The New Urban Condition

The New Urban Condition PDF Author: Leandro Medrano
Publisher: Routledge
ISBN: 1000363856
Category : Architecture
Languages : en
Pages : 369

Book Description
This book explores new architectural and design perspectives on the contemporary urban condition. While architects and urban designers have long maintained that their actions, drawings, and buildings are “post-critical,” this book seeks to expand the critical dimension of architecture and urbanism. In a series of historical and theoretical studies, this book examines how the materialities, forms, and practices of architecture and urban design can act as a critique towards the new urban condition. It proposes not only new concepts and theories but also instruments of analysis and reflection to better understand the current counter-hegemonic tendencies in both disciplinary strategies and appropriation tactics. The diversely international selection of chapters, from Brazil, Portugal, Spain, Sweden, the United States, and the Netherlands, combine different theoretical and empirical perspectives into a new analysis of the city and architecture. Demonstrating the need for new critical urban and architectural thinking that engages with the challenges and processes of the contemporary urban condition, this volume will be a thought-provoking read for academics and students in architecture, urban design, geography, political science, and more.

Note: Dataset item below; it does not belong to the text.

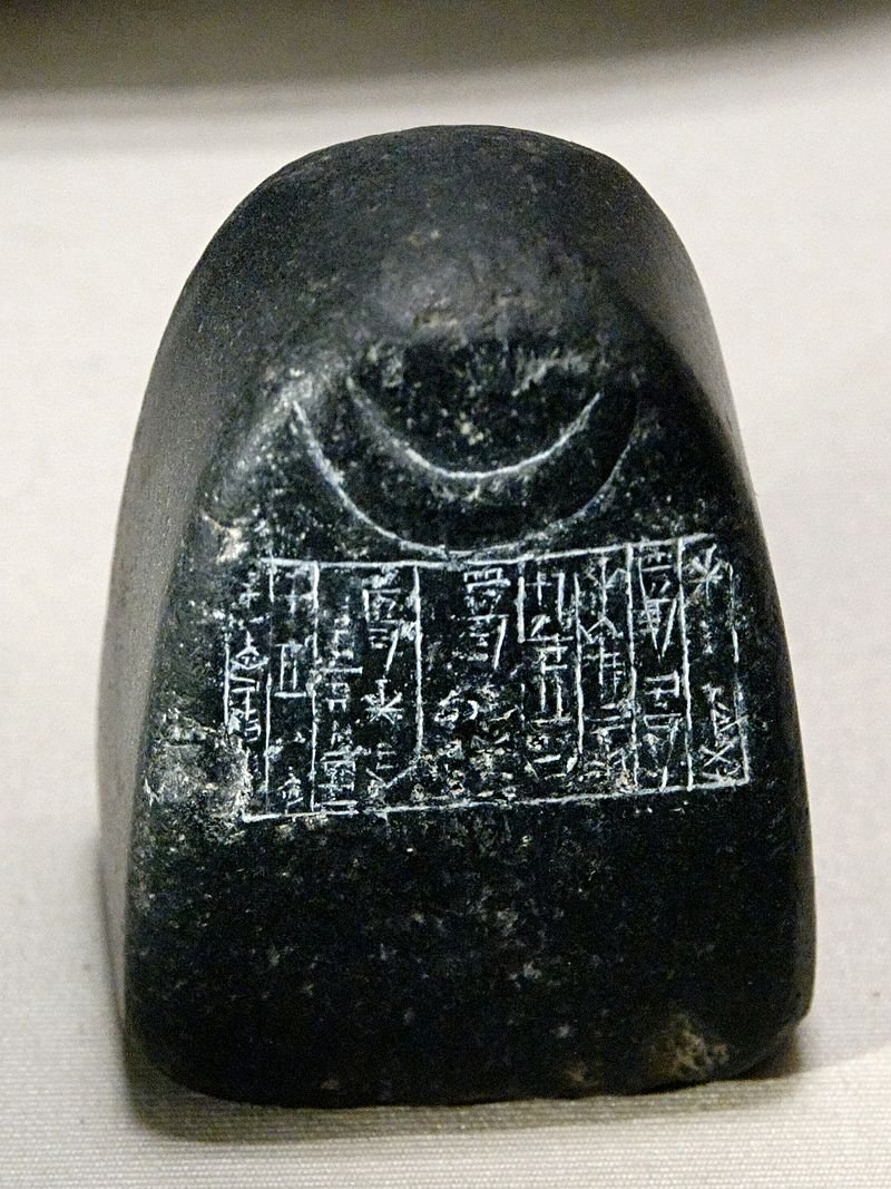 Poids en diorite dédié par le roi Shulgi à Nanna, portant le symbole du croissant de lune.

Living with Precariousness

Living with Precariousness PDF Author: Christina Lee
Publisher: Bloomsbury Publishing
ISBN: 0755639308
Category : Political Science
Languages : en
Pages : 305

Book Description
Precariousness has become a defining experience in contemporary society, as an inescapable condition and state of being. Living with Precariousness presents a spectrum of timely case studies that explore precarious existences – at individual, collective and structural levels, and as manifested through space and the body. These range from the plight of asylum seekers, to the tiny house movement as a response to affordable housing crises; from the global impacts of climate change, to the daily challenges of living with a chronic illness. This multidisciplinary book illustrates the pervasiveness of precarity, but furthermore shows how those entanglements with other agents, human or otherwise, that put us at risk are also the connections that make living with (and through) precariousness endurable.